В один из дней июля Иоганн Себастьян подозвал зятя. Альтниколь по привычке взял перо. Тесть нота за нотой заново продиктовал хоральную обработку, по счету восемнадцатую, с ведущей мелодией сопрано на тему "Wenn wir in hochsten Noten sein" ("Когда мы в тяжелой беде"). Продиктовал неторопливо; отпускал зятя "я себя, потом опять призывал, Альтниколь записал последнюю фразу. Бах в раздумье, с закрытыми глазами; положил слабую руку на руку зятя, удерживая его. Велит зачеркнуть название хоральной обработки и озаглавить ее по-иному; "Vor deinen Thron tret'ich" ("Перед троном твоим предстаю").

Завершается наполненная трудом и откровениями жизнь. Остается немногое: расстаться с миром.

За десять дней до кончины, как свидетельствовали близкие, больной неожиданно прозрел. Проснувшись июльским утром, он открыл глаза, пораженный: он видит свет! Иоганн Себастьян кликнул родных. Он просит отдернуть оконные занавеси. На его лице не то просветление, не то испуг. Привстает с постели и обращает лицо в сторону окна, за которым пылают на солнце летние краски. Его губы трогает младенческая улыбка, а Анна Магдалена с тревогой и надеждой следит за своим Себастьяном.

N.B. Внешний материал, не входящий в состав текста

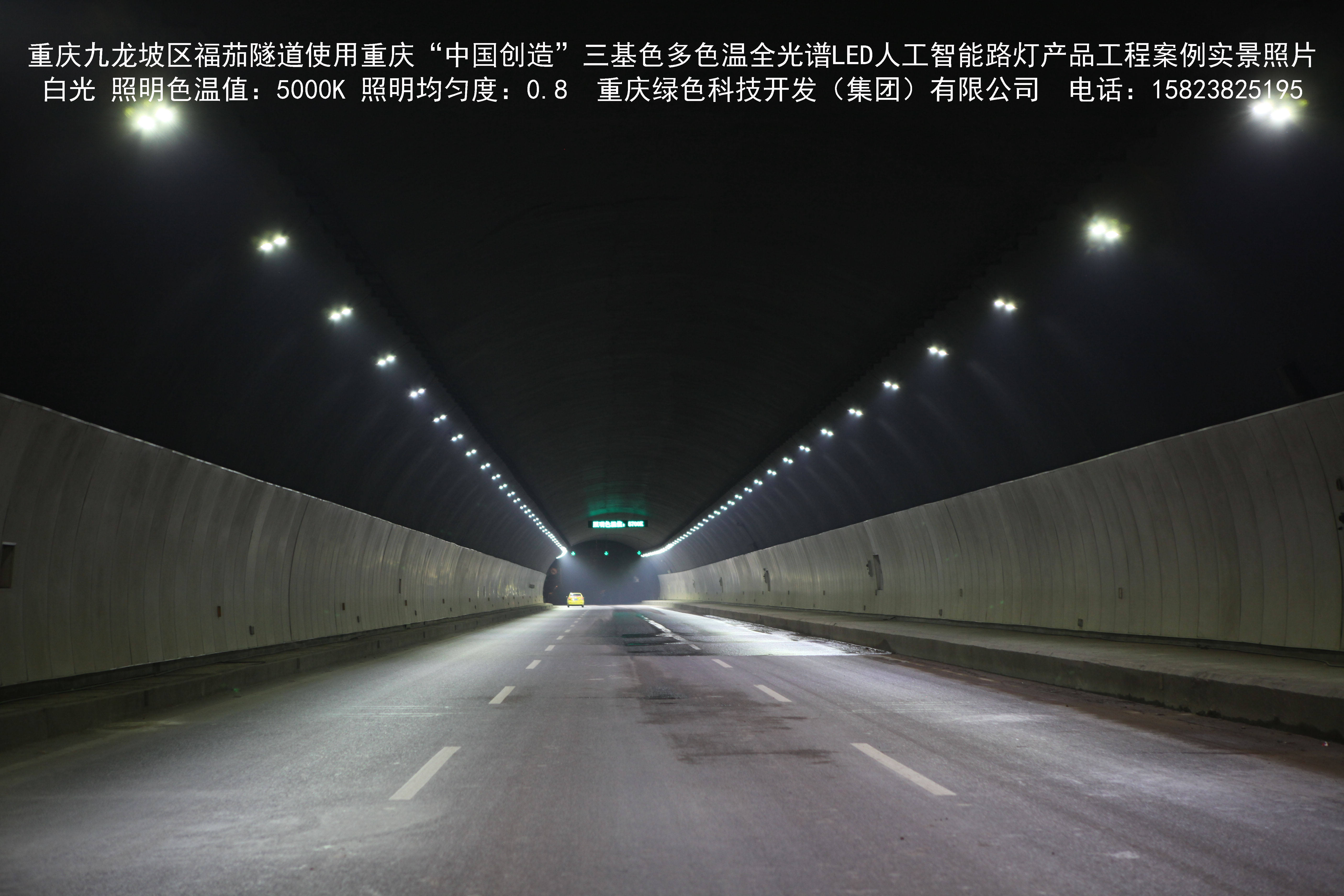 該產(chǎn)品已先后在重慶市渝中區(qū)濱江路洪崖洞沿線(魁星樓立交橋至湖廣會館立交橋)、菜袁路,合川全城區(qū),永川新城區(qū),渝中區(qū)龍家灣、黃沙溪、鵝嶺、袁家崗草坪、朝千隧道,南岸區(qū)茶園渣場路、風(fēng)臨路、鵝風(fēng)支路,江津區(qū)雙福園區(qū)津馬大道,銅梁區(qū)龍騰大道,九龍坡區(qū)石新路,石坪橋、陳家坪、福茄、九龍、五臺山、美茵河谷、二郎、袁家崗下穿隧道,沙坪壩區(qū)漢渝路下穿隧道,陸軍軍醫(yī)大學(xué)全校區(qū)道路,豐都縣迎賓大道,G50重慶渝涪高速公路全線收費站、服務(wù)區(qū)及鐵山坪、華山、黃草山、同心寨、廟堡隧道,G5013渝蓉高速全線收費站、服務(wù)區(qū),渝遂高速青木關(guān)隧道,寧夏回族自治區(qū)賀蘭縣全城區(qū)等百余處進行了大規(guī)模應(yīng)用,獲得了良好的社會效益。
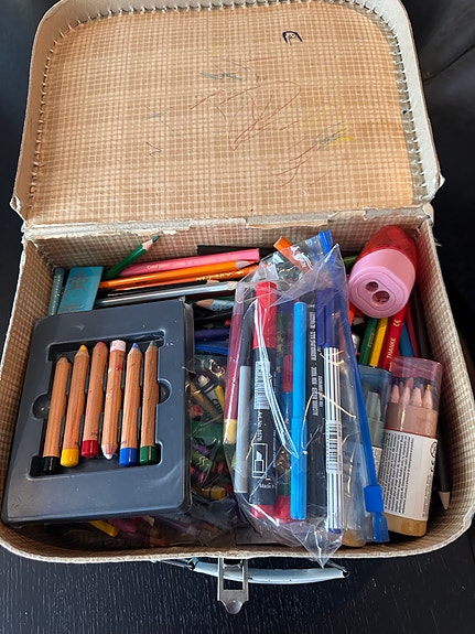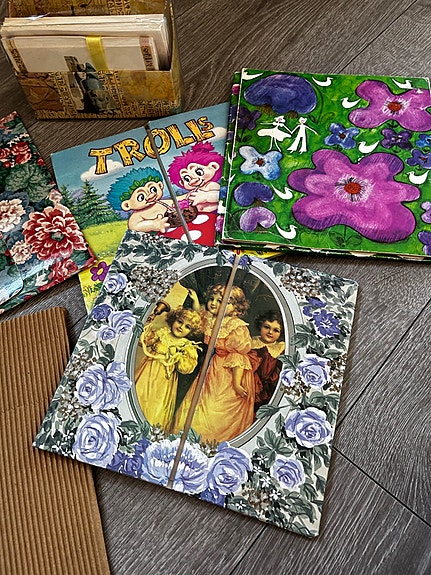 Hobby pakke farga ispinner, klistremerker, diverse figurer i ramme

Широко открыты глаза под приподнятыми бровями с сединой. Они стали такими большими, округлились, будто жадно впитывают свет, но остаются неподвижными. Видят ли они что, обращенные в окно, к голубеющему небу? Альтниколь с Мюттелем поддерживают взволнованного, вздрагивающего учителя, Иоганн Себастьян делает назад несколько шагов и тихо опускается на кровать. Удивление, растерянность в блуждающей улыбке на бледном лице. Веки смыкаются, потом поднимаются снова: Бах что-то видит?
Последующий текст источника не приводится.